When the war breaks out in Ukraine, Alisa is thrown into a life she wasn t expecting. Working as a translator for foreign journalists she meets British war photographer Anastasia, who chooses not to rush towards the front, instead observing quiet moments of everyday resilience - birthdays, picnics, weddings.
A unique friendship forms as the two women strive to collapse the emotional distance between “us” and “them”. Their bond deepens as war wounds them both —transforming this into a poetic meditation on closeness, distance, and what happens when war stops being a story about others.
Anastasia Taylor-Lind is a British/Swedish photojournalist and a poet.

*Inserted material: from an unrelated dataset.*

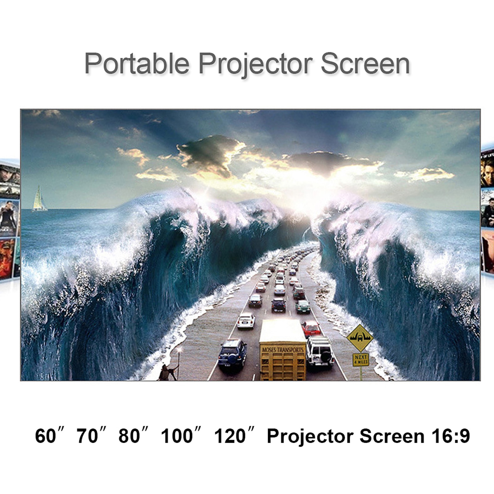 Portable Projector Screen 60/70/80/100120 inch HD 16:9 Frameless Video Projection Screen Foldable Wall Mounted for Home Theater

For the past decade Anastasia has collaborated with Alisa Sopova, a journalist and an anthropologist from the city of Donetsk in eastern Ukraine. In 2023, she received the Canon Female Photojournalist Award for her long-term reporting from eastern Ukraine, and over 100,000 people visited her exhibition Ukraine: Photographs from the Frontline at the Imperial War Museum.
Anastasia is a National Geographic Society Explorer, TED Fellow, and 2016 Nieman Fellow at Harvard university. Her first book Maidan – Portraits from the Black Square, about the 2014 revolution in Ukraine, was published the same year. Her debut poetry collection One Language was published by Smith|Doorstop in 2022.
Anastasia has Masters degrees in photojournalism and poetry.